Currently I have a lucene.net index that contains +1 million documents with 7 fields each. The last field is the "all" field that has the content of the previous fields concatenated. Searching the all field is just EXTREMELY fast :)
But I feel there is more to be found here. How can I make a search that searches one or more space separated strings over all the fields without using the "all" field?
I want to be able to give weights to certain fields. Furthermore it would be really nice if the search contained information on WHERE the hit took place so I can show it in the result.
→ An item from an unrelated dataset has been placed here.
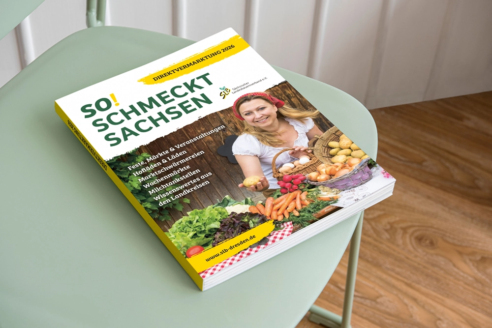 Auch 2026 durften wir den Direktvermarktungskatalog „So! schmeckt Sachsen“ gemeinsam mit dem Sächsischer Landesbauernverband e. V. weiterentwickeln – und damit ein Herzensprojekt in die nächste Runde führen.
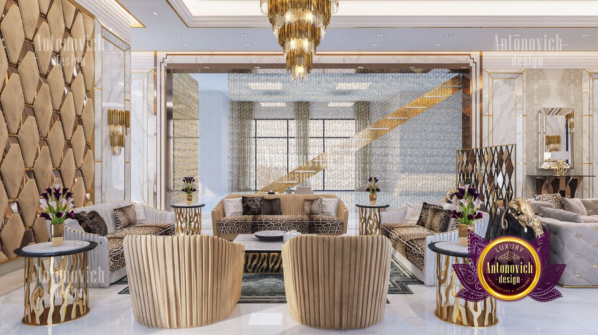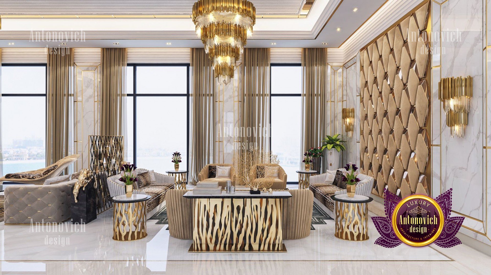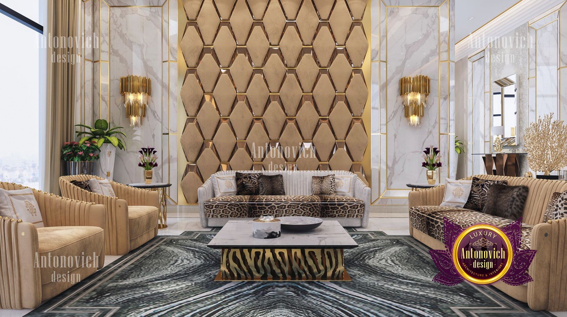 ما الذي يجعل غرفة المعيشة راقية؟ هل هو اللون؟ الاثاث؟ الثريا؟ يعتقد فريقنا أن كل هذه الأشياء ضرورية في بناء غرفة نوم مصقولة ومصممة جيدًا. يتم أخذ هذه العناصر في الاعتبار حتى تبدو غرفة المعيشة الخاصة بك أكثر حيوية وأناقة. إنه المكان الذي تستمتع فيه بالضيوف ويكون بمثابة منطقة استقبال في منزلك. يتأكد فريقنا من أننا نقدم لمنزلك الجمال الذي سيعكس شخصيتك. الفخامة هي الكلمة لوصف غرفة المعيشة هذه. تضبط نغماته الفخمة المزاج بينما الأرضية الرخامية والثريا الكريستالية هي الخيارات المثالية للقطع التكميلية. ستلاحظ الوسادة المنجدة باللون الرمادي وهو لون محايد يوازن جماليات الغرفة. تضفي لمسات الألوان الداكنة مظهرًا راقيًا بذهبي ساحر. يلفت الجدار اللامع على شكل قرص العسل الأنظار على الفور ، بينما تخلق البطانات الذهبية على الجدران الرخامية لمسة نهائية مذهلة. هذا يخلق تفاصيل معدنية سرية تضيف لهجة مذهلة.

I think this is all possible, but I don't immideatelly see how.
Any help?
Upvotes: 6
Views: 1164
Reputation: 3941
I don't think you need to maintain an "all" field.
Good luck
Upvotes: 3
Reputation: 25856
We do something similar, the trick is to specify fields in your query string:
(+Tier1:ribbon^1)^4 OR (+Tier2:ribbon^1)^4 OR (+Tier3:ribbon^1) OR (+Tier4:q*ribbon*^1)^12
In the above example, the user searched for "ribbon" in our application. We have different segments of data in different fields, and the final field "Tier4" contains all the previous terms concatenated together. We prepend the field with a "q", so we can do leading wild-cards, also:
(+Tier4:q*ribbon*^1)^12
Lastly, we use boosts with the caret (^). This ends up weighting things differently. It took a while to get boosts right, and I'm still not 100% happy with them, but they do make a big impact.
Upvotes: 4
Reputation: 115691
You have to get Lucene in Action. Although about original (that is Java) Lucene implementation, it contains all the information you need: about boosts, highlighters, qwery parsers, etc.